Records for this exercise:
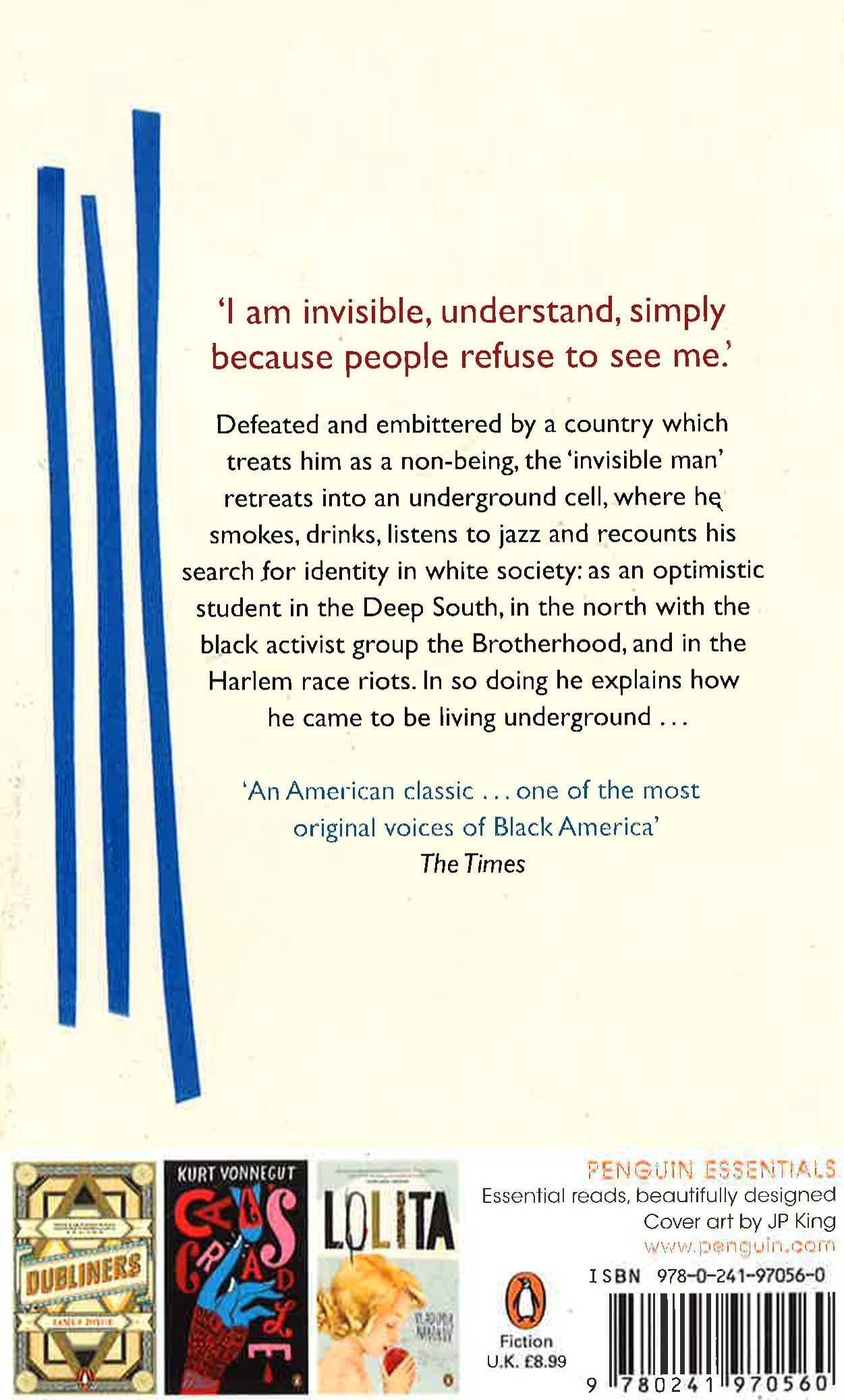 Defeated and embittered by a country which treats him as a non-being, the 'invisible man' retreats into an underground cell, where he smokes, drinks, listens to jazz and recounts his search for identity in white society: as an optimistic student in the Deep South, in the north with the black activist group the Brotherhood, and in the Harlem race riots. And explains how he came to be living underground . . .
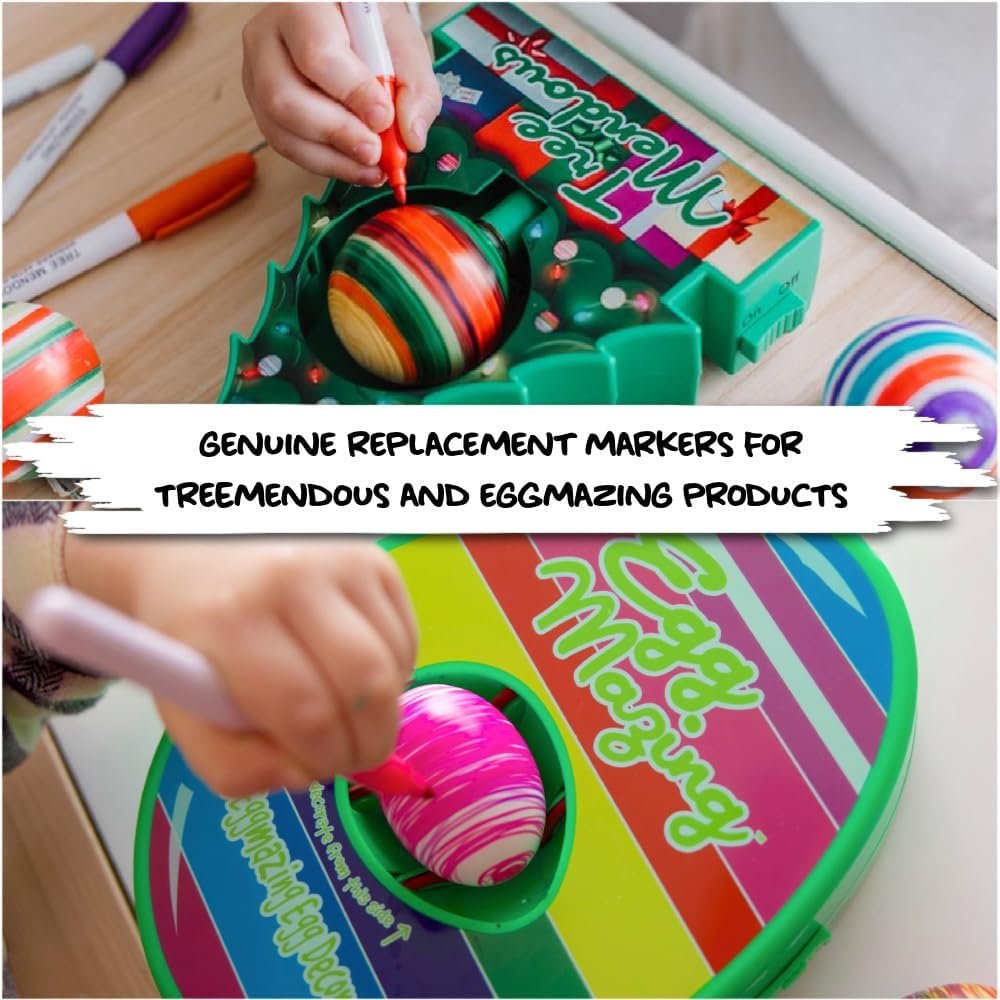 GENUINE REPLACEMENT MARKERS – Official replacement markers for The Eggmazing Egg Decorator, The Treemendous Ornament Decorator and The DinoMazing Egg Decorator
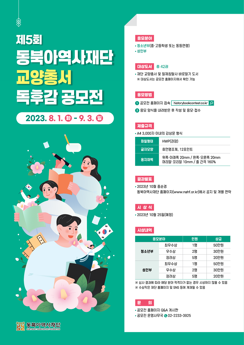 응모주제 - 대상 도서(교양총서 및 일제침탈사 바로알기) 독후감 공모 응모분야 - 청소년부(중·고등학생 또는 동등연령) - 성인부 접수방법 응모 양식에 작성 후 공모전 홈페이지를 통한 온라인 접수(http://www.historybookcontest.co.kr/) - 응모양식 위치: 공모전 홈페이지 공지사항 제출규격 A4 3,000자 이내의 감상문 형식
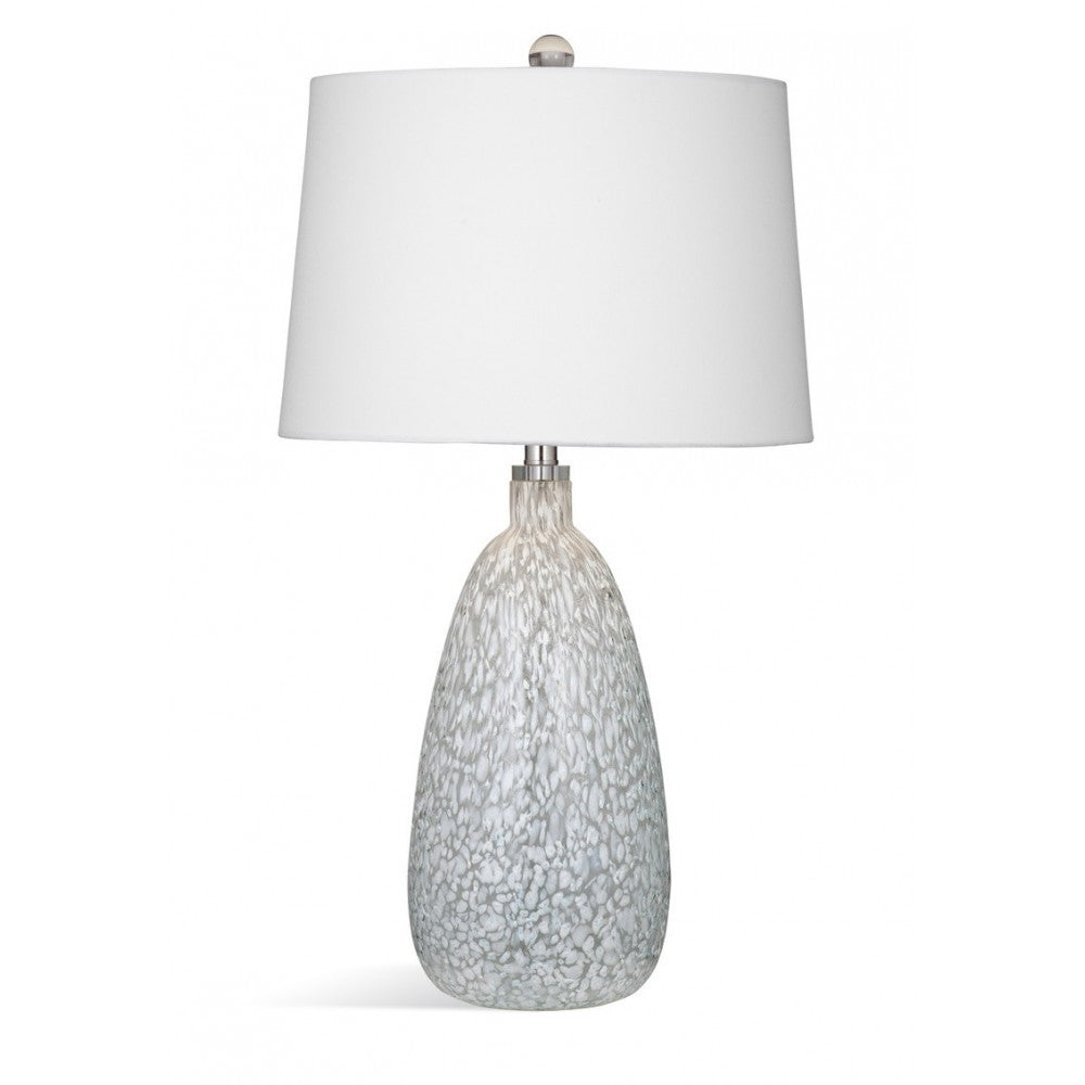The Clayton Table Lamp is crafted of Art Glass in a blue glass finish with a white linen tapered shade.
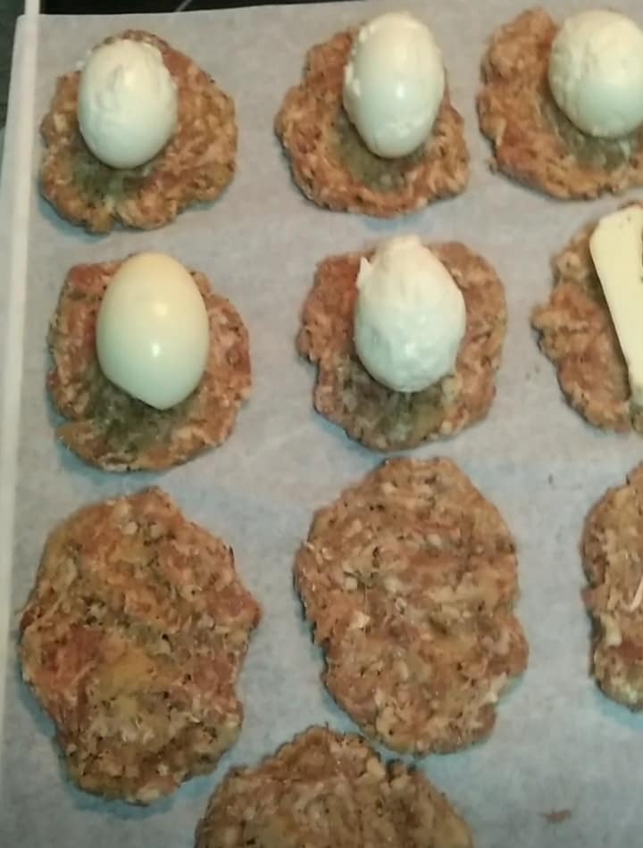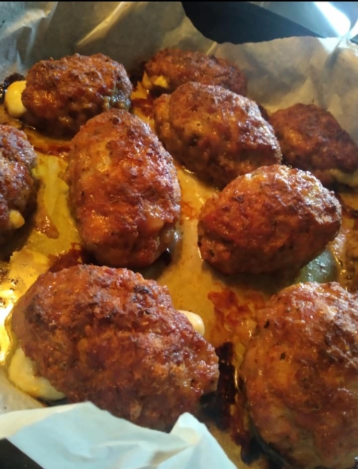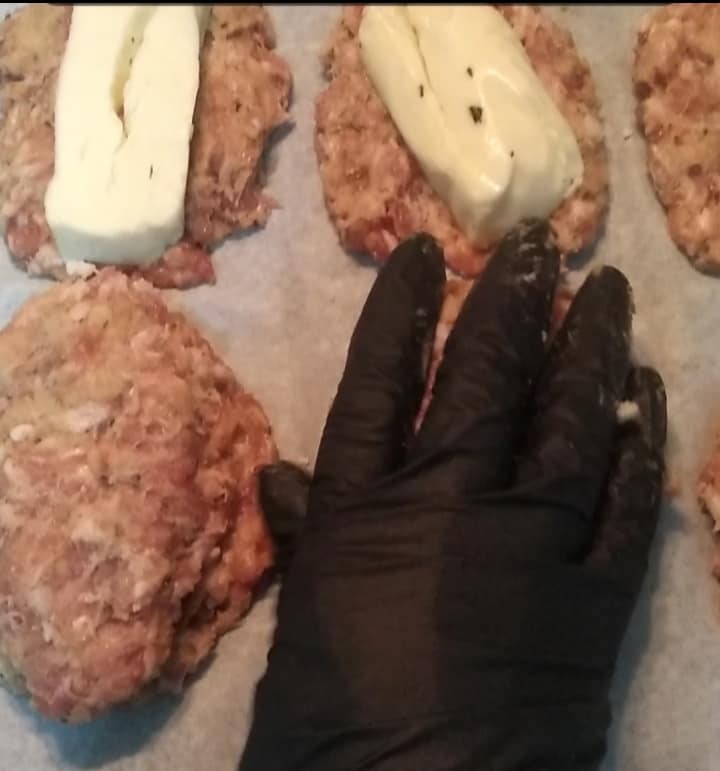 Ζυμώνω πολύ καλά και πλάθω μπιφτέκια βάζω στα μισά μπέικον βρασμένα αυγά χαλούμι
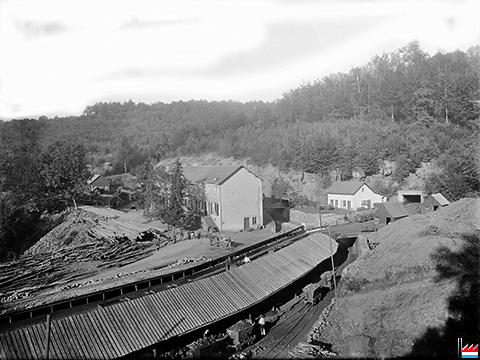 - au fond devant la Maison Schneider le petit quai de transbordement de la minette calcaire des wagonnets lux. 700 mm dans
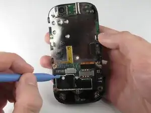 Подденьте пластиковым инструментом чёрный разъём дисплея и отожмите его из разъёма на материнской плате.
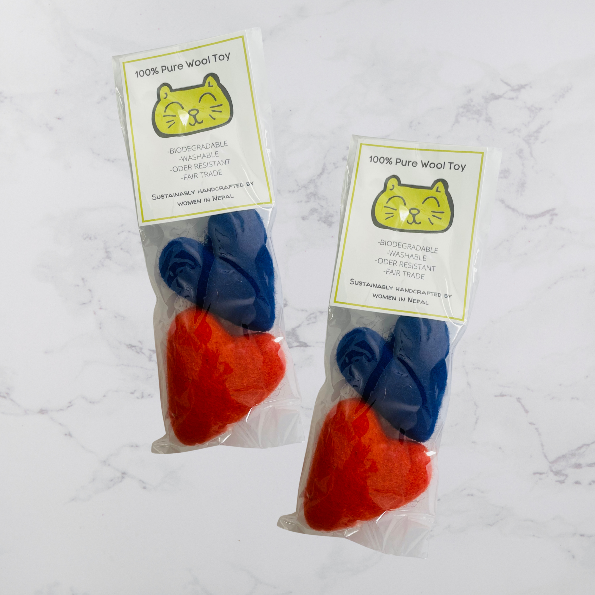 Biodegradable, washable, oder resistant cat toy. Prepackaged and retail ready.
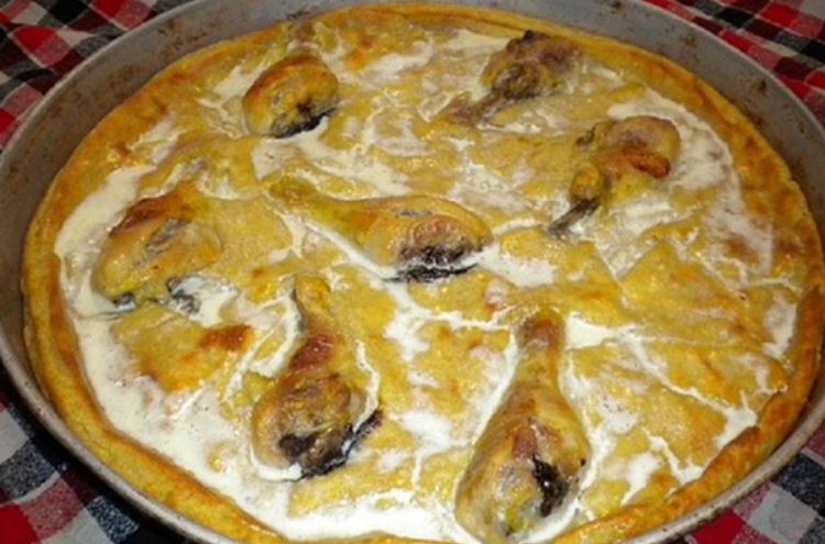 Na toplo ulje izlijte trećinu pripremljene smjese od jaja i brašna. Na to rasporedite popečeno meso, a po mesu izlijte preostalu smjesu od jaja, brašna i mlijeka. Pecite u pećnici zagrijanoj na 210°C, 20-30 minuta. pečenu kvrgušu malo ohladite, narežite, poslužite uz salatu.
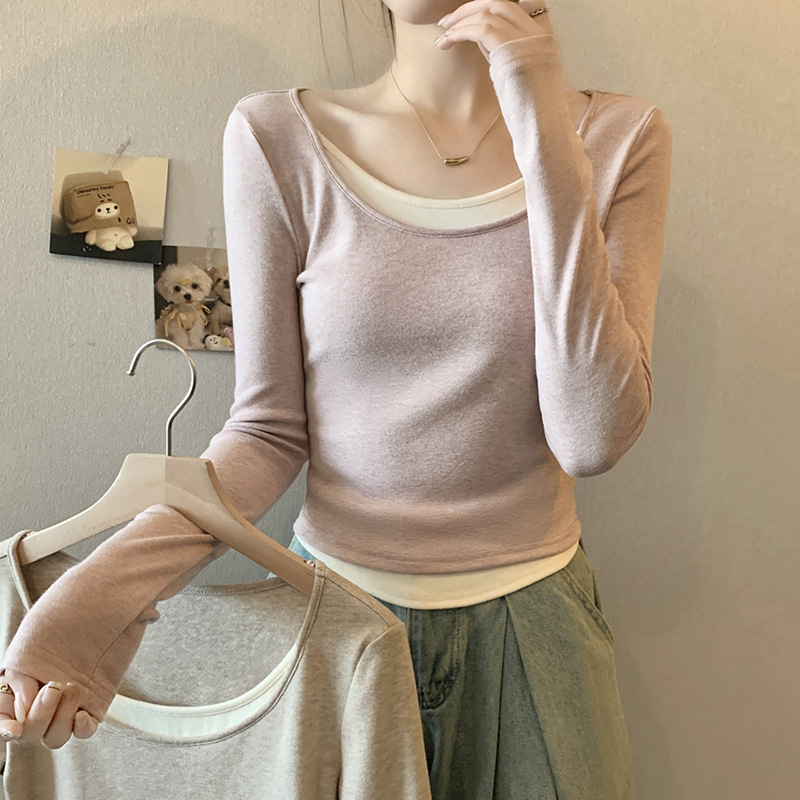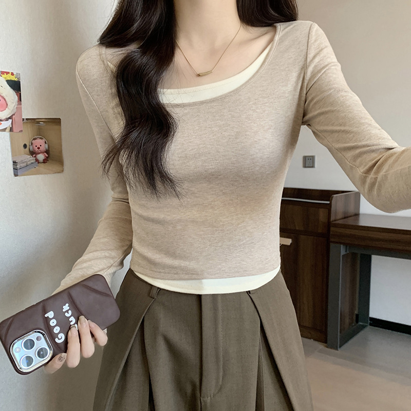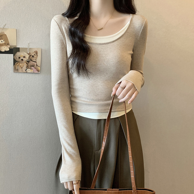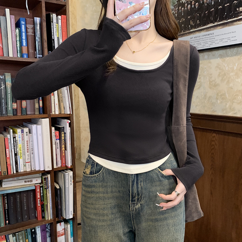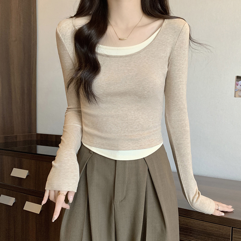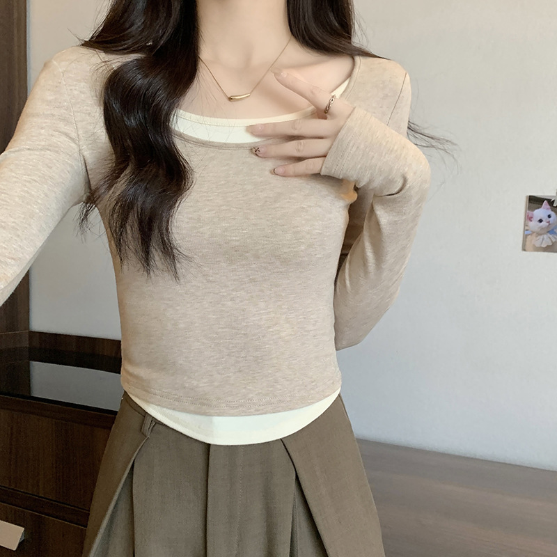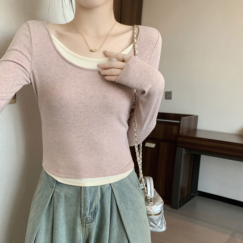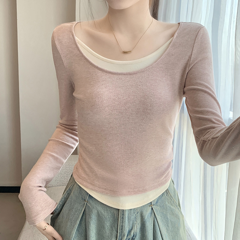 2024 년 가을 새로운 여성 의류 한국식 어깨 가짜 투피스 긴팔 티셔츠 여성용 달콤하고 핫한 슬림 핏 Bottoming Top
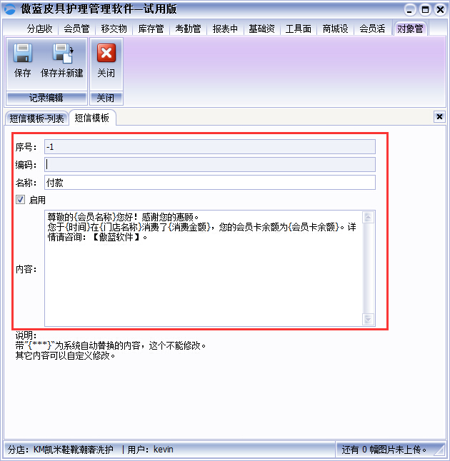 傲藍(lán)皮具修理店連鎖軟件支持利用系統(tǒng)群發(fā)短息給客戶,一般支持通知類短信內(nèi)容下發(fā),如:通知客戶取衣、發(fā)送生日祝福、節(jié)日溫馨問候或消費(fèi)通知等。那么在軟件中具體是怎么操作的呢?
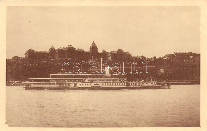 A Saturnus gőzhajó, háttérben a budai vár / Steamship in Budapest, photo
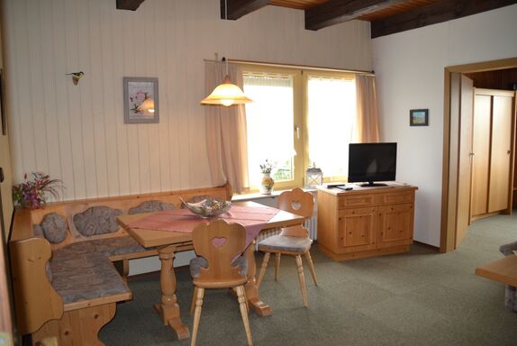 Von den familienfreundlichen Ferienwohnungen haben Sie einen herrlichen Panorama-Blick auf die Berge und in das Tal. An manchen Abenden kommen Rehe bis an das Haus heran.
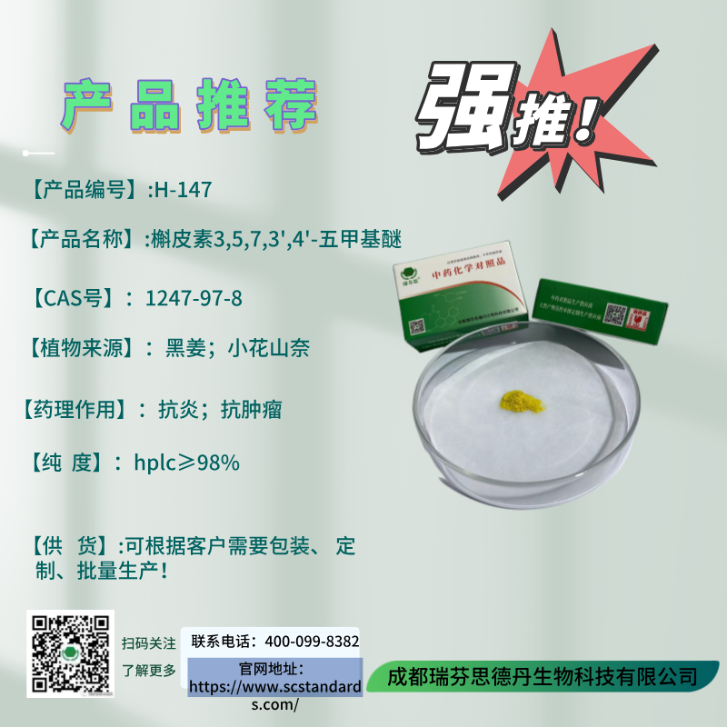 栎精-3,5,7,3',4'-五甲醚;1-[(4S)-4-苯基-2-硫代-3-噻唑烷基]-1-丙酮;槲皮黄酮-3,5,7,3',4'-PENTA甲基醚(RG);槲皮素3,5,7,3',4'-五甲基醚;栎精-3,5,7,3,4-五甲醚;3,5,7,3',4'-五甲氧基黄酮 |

Exercise details: The copy must match every line of the data exactly and contain no pictures.

Written response:
 Defeated and embittered by a country which treats him as a non-being, the 'invisible man' retreats into an underground cell, where he smokes, drinks, listens to jazz and recounts his search for identity in white society: as an optimistic student in the Deep South, in the north with the black activist group the Brotherhood, and in the Harlem race riots. And explains how he came to be living underground . . .
 GENUINE REPLACEMENT MARKERS – Official replacement markers for The Eggmazing Egg Decorator, The Treemendous Ornament Decorator and The DinoMazing Egg Decorator
 응모주제 - 대상 도서(교양총서 및 일제침탈사 바로알기) 독후감 공모 응모분야 - 청소년부(중·고등학생 또는 동등연령) - 성인부 접수방법 응모 양식에 작성 후 공모전 홈페이지를 통한 온라인 접수(http://www.historybookcontest.co.kr/) - 응모양식 위치: 공모전 홈페이지 공지사항 제출규격 A4 3,000자 이내의 감상문 형식
The Clayton Table Lamp is crafted of Art Glass in a blue glass finish with a white linen tapered shade.
 Ζυμώνω πολύ καλά και πλάθω μπιφτέκια βάζω στα μισά μπέικον βρασμένα αυγά χαλούμι
 - au fond devant la Maison Schneider le petit quai de transbordement de la minette calcaire des wagonnets lux. 700 mm dans
 Подденьте пластиковым инструментом чёрный разъём дисплея и отожмите его из разъёма на материнской плате.
 Biodegradable, washable, oder resistant cat toy. Prepackaged and retail ready.
 Na toplo ulje izlijte trećinu pripremljene smjese od jaja i brašna. Na to rasporedite popečeno meso, a po mesu izlijte preostalu smjesu od jaja, brašna i mlijeka. Pecite u pećnici zagrijanoj na 210°C, 20-30 minuta. pečenu kvrgušu malo ohladite, narežite, poslužite uz salatu.
 2024 년 가을 새로운 여성 의류 한국식 어깨 가짜 투피스 긴팔 티셔츠 여성용 달콤하고 핫한 슬림 핏 Bottoming Top
 傲藍(lán)皮具修理店連鎖軟件支持利用系統(tǒng)群發(fā)短息給客戶,一般支持通知類短信內(nèi)容下發(fā),如:通知客戶取衣、發(fā)送生日祝福、節(jié)日溫馨問候或消費(fèi)通知等。那么在軟件中具體是怎么操作的呢?
 A Saturnus gőzhajó, háttérben a budai vár / Steamship in Budapest, photo
 Von den familienfreundlichen Ferienwohnungen haben Sie einen herrlichen Panorama-Blick auf die Berge und in das Tal. An manchen Abenden kommen Rehe bis an das Haus heran.
 栎精-3,5,7,3',4'-五甲醚;1-[(4S)-4-苯基-2-硫代-3-噻唑烷基]-1-丙酮;槲皮黄酮-3,5,7,3',4'-PENTA甲基醚(RG);槲皮素3,5,7,3',4'-五甲基醚;栎精-3,5,7,3,4-五甲醚;3,5,7,3',4'-五甲氧基黄酮 |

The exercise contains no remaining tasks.